Oh yeah. Good points! Do we need a PEP for str.upper() to grow an optional 'locale' argument? I feel like there are examples other than the Turkish i's where this matters, but it's past my bedtime, so they aren't coming to mind. Maybe Koine Greek which had not adopted the miniscule/majuscule distinction of post 10th century CE that modern Greek inherited. I feel like `s.upper(locale='koine')` might sensibly account for this. On Wed, Dec 21, 2022, 1:23 AM Chris Angelico <rosuav@gmail.com> wrote:
On Wed, 21 Dec 2022 at 17:20, David Mertz, Ph.D. <david.mertz@gmail.com> wrote:
I'm on my tablet, so cannot test at the moment. But is `str.upper()`
REALLY wrong about the Turkish dotless I (and dotted capital I) currently?!

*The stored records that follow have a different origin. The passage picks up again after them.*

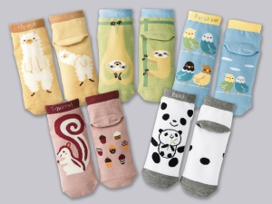 ゆるかわいいほのぼのした動物たちが表と足底に。
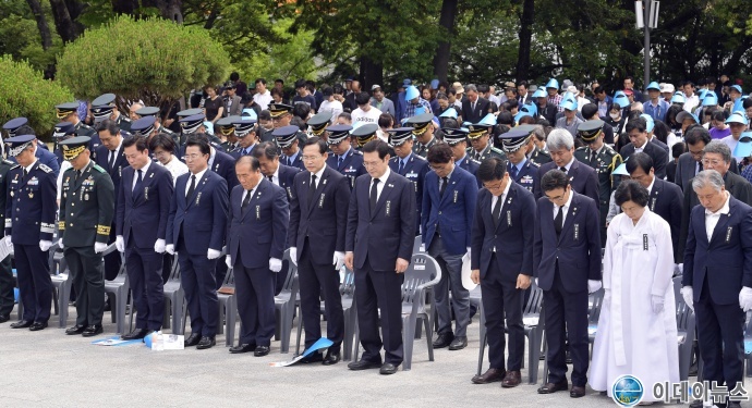 이용섭 광주광역시장이 6일 오전 남구 광주공원 현충탑에서 열린 '제64회 현충일 추념식'에서 김동찬 광주시의회 의장, 장휘국 광주시교육감, 하유성 광주지방보훈청장, 국가유공자, 유족 등 참석자들과 순국선열 및 호국영령의 명복을 비는 묵념을 하고 있다.
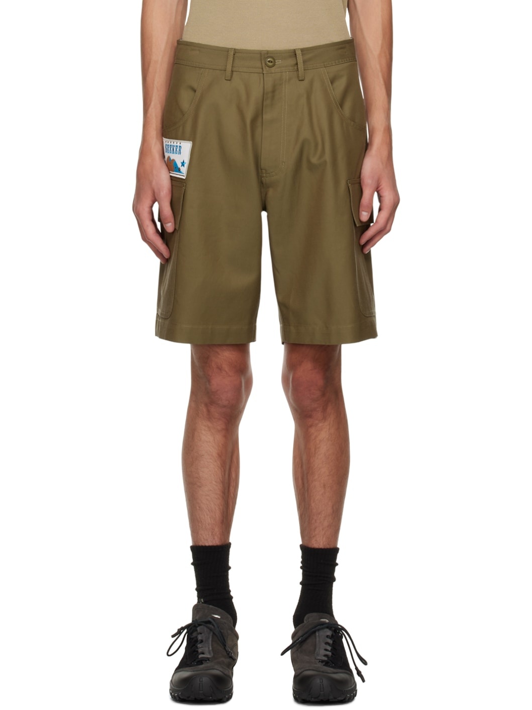Cotton-blend twill shorts. · Belt loops · Four-pocket styling · Zip-fly · Embroidered logo patch at front · Flap pocket at outseams · Button tab at back waistband Available exclusively at SSENSE. Supplier color: Khaki
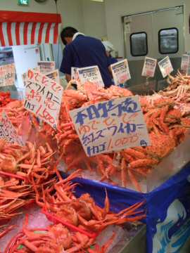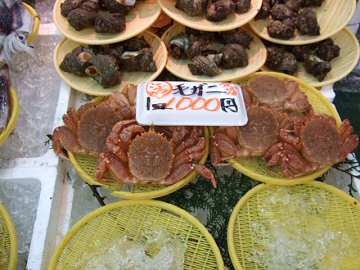 値札の乗っている左側のザルのケガニを買ってきました。チョット小ぶりで安かったのですが、ミソの部分が美味かった。 |
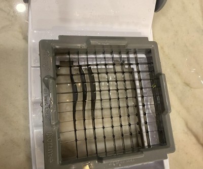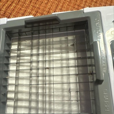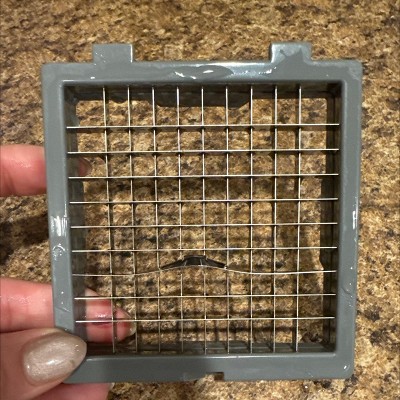 Purchased to chop a bunch of onions to be frozen. Used the small blade to chop one small onion cut in half and a blade bent making the small blade unusable. Did manage to cut 10 quart bags full with the large one before we called it good for the night. Will be returning it as I was excited for the small blade for making fresh pico quickly or taco nights. Instructions are very minimal and do not give much instruction on how to prepare the veggies for chopping. And to think it claims to be able to cut potatoes up to 4 inches long.
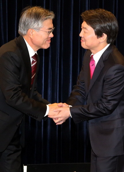 안 전 후보는 "오늘 문 후보께서 새정치 실천과 정당혁신에 관한 대국민 약속을 하셨다. 정권교체는 새정치의 시작이 될 것이다"면서 "지금 제가 할 수 있는 일을 적극적으로 해야 한다는 책임감을 느꼈다.그 길을 위해 아무 조건 없이 제 힘을 보탤 것"이라고 강조했다.
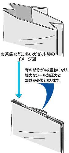 ![]() | ※1 上記イラスト例のようなガゼット袋であ れば、一番厚くなる箇所は、4枚重ねに なりますので、フィルム1枚の厚さが 0.125mm以下のものまでシール可能と お考え下さい。 総厚 0.5mm÷4枚=0.125mm (1枚当) | |
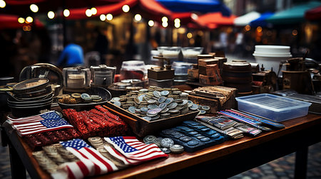 An antique market showcasing a variety of vintage items on display, reflecting history and charm through unique collectibles.
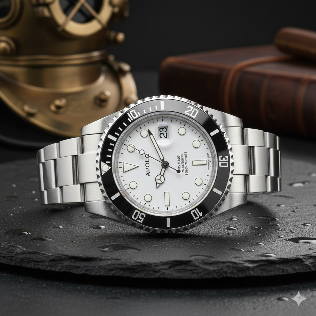 Forjado en acero inoxidable de alta resistencia, el Apolo Aqua no solo simboliza la historia de la relojería de buceo, sino que se convierte en una herramienta fiable y elegante para el hombre moderno. Su diseño se basa en la funcionalidad épica de los grandes sumergibles, pero refinado con la elegancia pulida de la marca Apolo. Con él, llevarás una pieza que ha trascendido el tiempo, lista para acompañarte a explorar las profundidades o a navegar por las exigencias de la vida diaria con un estilo inigualable.

That feels like a BPO needed if true.
It's wrong about the ASCII i and I, which upper and lower case to each other. There's no way for str.upper() to be told what language it's working with, so it goes with a default that's valid for every language except Turkish and its friends. This also means that lowercasing "İ" will give "i" which uppercases to "I", so it doesn't round-trip. There is no solution other than a language-aware case transformation.